DATASET EXTRACT Block Start

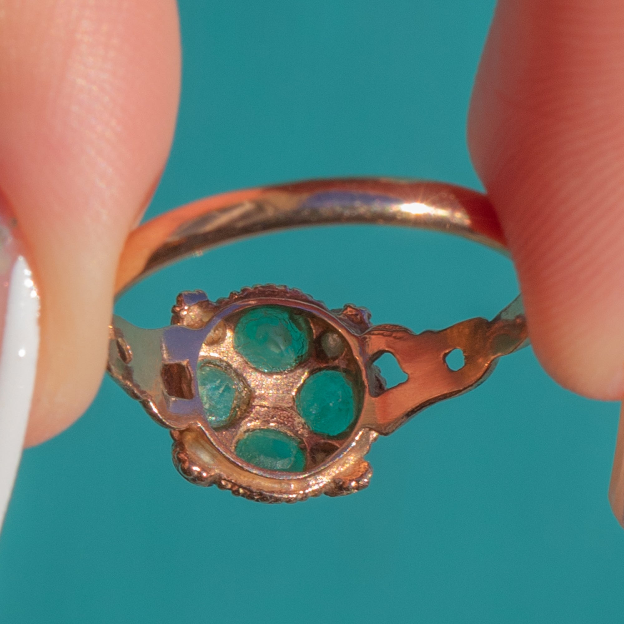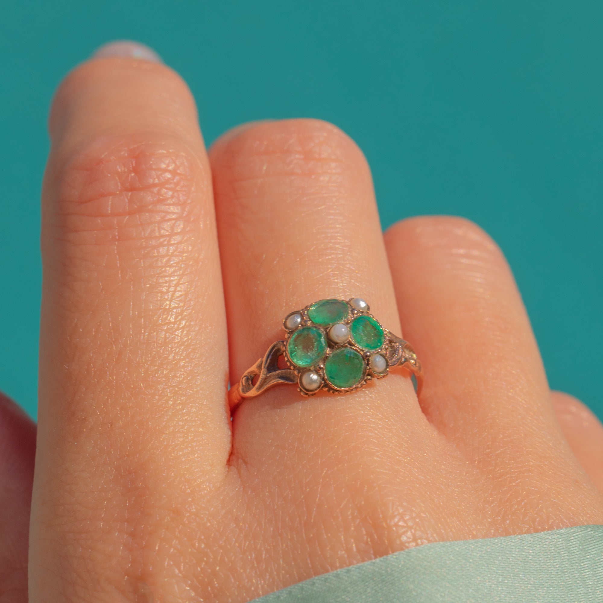 This charming Victorian Emerald and Pearl cluster ring is full of colour, character, and classic 19th-century elegance. Crafted in warm 9ct Gold, the rounded cluster is set with four vibrant green Emeralds accented by delicate Pearls, creating a soft and romantic antique glow.
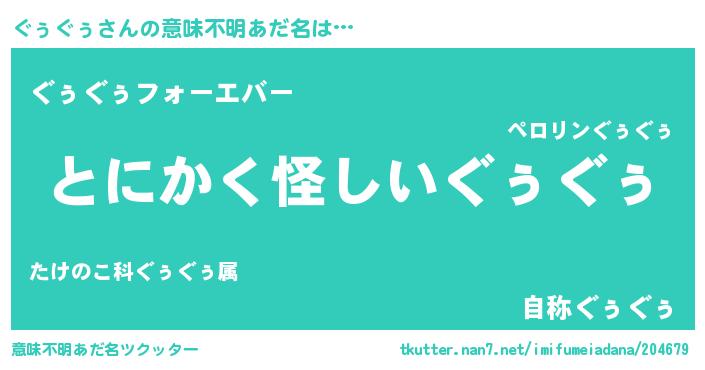 | 2回繰り返すあだ名 | 『ぬれぬれ』『ぐぐぅぅ』『ぐぅぐぅ』 |
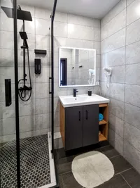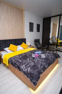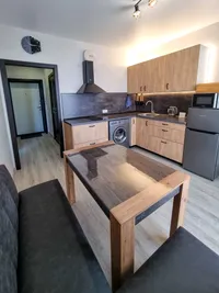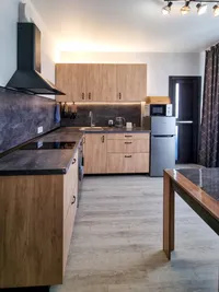 двуспальная кровать с удобным матрасом, 2 дивана-кровати, цифровое TV, машинка-автомат, Wi-Fi, индивидуальный гигиенический набор, чистое постельное белье и полотенца, тапочки, фен, утюг, фильтр для воды, обустроенная кухня со всей необходимой техникой и все, что нужно, чтобы почувствовать себя как дома.
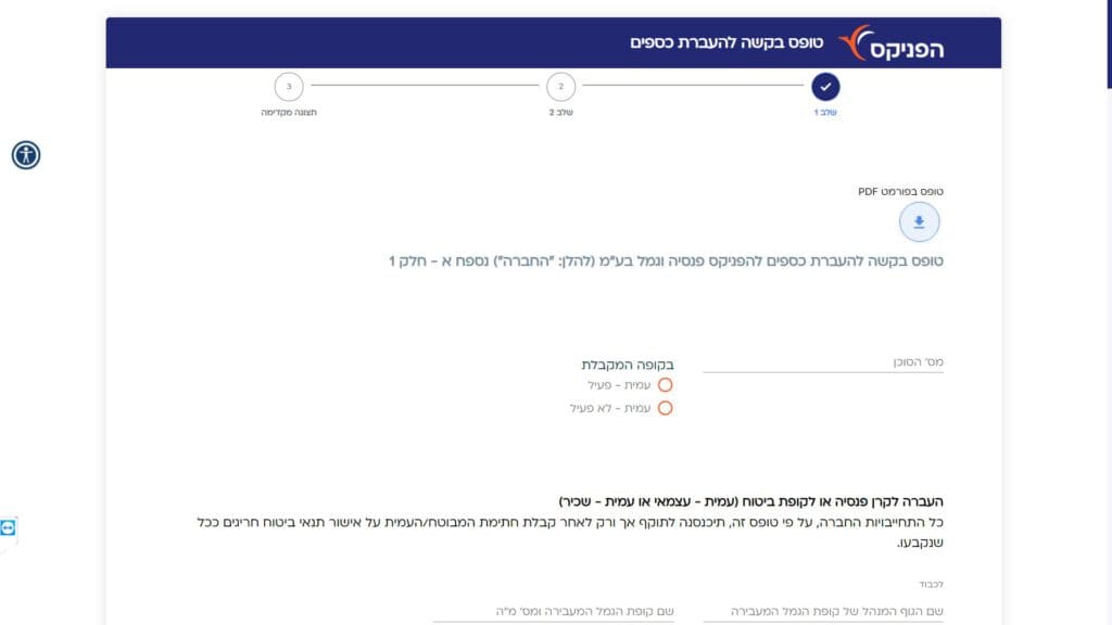 טופס נספח א' - טופס בקשה להעברת (ניוד) כספים להפניקס פנסיה וגמל בע"מ - הפניקס פנסיה חלופה נגישה - כרגע לא קיימת.

DATASET EXTRACT Block End

Every line of the listing above is to be repeated exactly, with its pictures left out.

 This charming Victorian Emerald and Pearl cluster ring is full of colour, character, and classic 19th-century elegance. Crafted in warm 9ct Gold, the rounded cluster is set with four vibrant green Emeralds accented by delicate Pearls, creating a soft and romantic antique glow.
 | 2回繰り返すあだ名 | 『ぬれぬれ』『ぐぐぅぅ』『ぐぅぐぅ』 |
 двуспальная кровать с удобным матрасом, 2 дивана-кровати, цифровое TV, машинка-автомат, Wi-Fi, индивидуальный гигиенический набор, чистое постельное белье и полотенца, тапочки, фен, утюг, фильтр для воды, обустроенная кухня со всей необходимой техникой и все, что нужно, чтобы почувствовать себя как дома.
 טופס נספח א' - טופס בקשה להעברת (ניוד) כספים להפניקס פנסיה וגמל בע"מ - הפניקס פנסיה חלופה נגישה - כרגע לא קיימת.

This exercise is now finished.